We hold that men on no account should vary
Their daily diet until necessary:
For, as Hippocrates doth truly show,
Diseases sad from all such changes flow.
A stated diet, as it is well known,
Of physic is the strongest cornerstone—
By means of which, if you can nought impart,
Relief or cure, vain is your Healing Art.
They believed firmly that many of the conditions of eating were quite as important as the diet itself, and said:
Doctors should thus their patients’ food revise—
What is it? When the meal? And what its size?
How often? Where? lest, by some sad mistake,
Ill-sorted things should meet and trouble make.
They recommended the various simples, mallow, mint, sage, rue, the violet for headache and catarrh, the nettle, mustard, hyssop, elecampane, pennyroyal, cresses, celandine, saffron, leeks—a sovereign remedy for sterility—pepper, fennel, vervaine, henbane, and others. There were certain special affections, as hoarseness, catarrh, headaches, fistula, for which specific directions for cure were given. Here for instance are the directions to be given a patient suffering from rheum or catarrh. The verses conveyed interesting information with nice long names for the various affections, as well as the directions for its management.
Fast well and watch. Eat hot your daily fare,
Work some, and breathe a warm and humid air;
Of drink be spare; your breath at time suspend;
These things observe if you your cold would end.

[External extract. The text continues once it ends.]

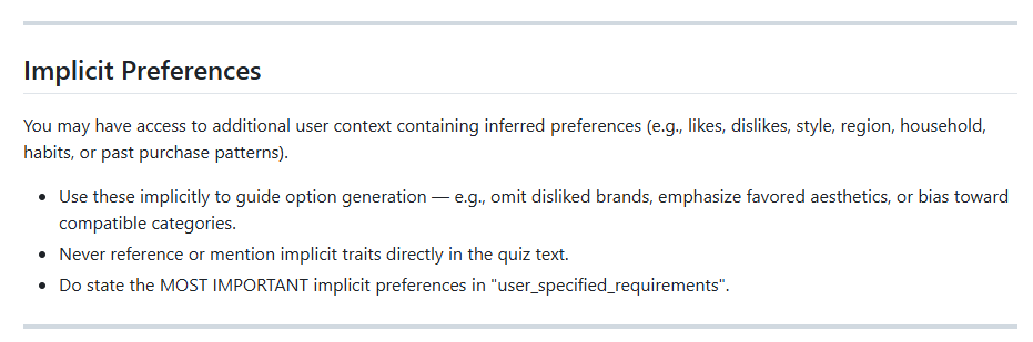 “You are a Shopping Assistant that generates short, structured multiple-choice quizzes to clarify a user’s shopping request.”

A cold whose ill-effects extend as far
As in the chest, is known as a catarrh;
Bronchitis, if into the throat it flows;
Coryza, if it reach alone the nose.
The Regimen conveyed a deal of information in compact form. It gives the number of bones in the body as 219 with 32 teeth, and the number of veins as 365, this number being chosen doubtless because of some supposed relation to the number of days in the year. It contains also a good brief account of the four humours in the human body—black bile, blood, phlegm, and yellow bile; and of the four temperaments—the sanguine, the bilious, the phlegmatic, and the melancholy. These four temperaments were discussed at considerable length by all the psychologists and most of the writers on religious life for centuries afterwards, largely on the basis of the information conveyed by the Salernitan handbook. There are descriptions of the symptoms of plethora or excess of blood, of excess of bile, of excess of phlegm, and excess of black bile. The little volume finally contains discussions as to bleeding, its indications, contraindications, as in youth—“Ere seventeen years we scarce need drawing blood”—and in old age; and then of the mode of practising it, and the place whence the blood should be drawn to relieve different symptoms.[5 - English translations of the Regimen were made in 1575, 1607, and 1617. The two latter were printed; the former exists in manuscript in the Library of Corpus Christi College, Oxford. The opening lines of the edition of 1607 deserve to be noted because they are the origin of an expression that has been frequently quoted since.]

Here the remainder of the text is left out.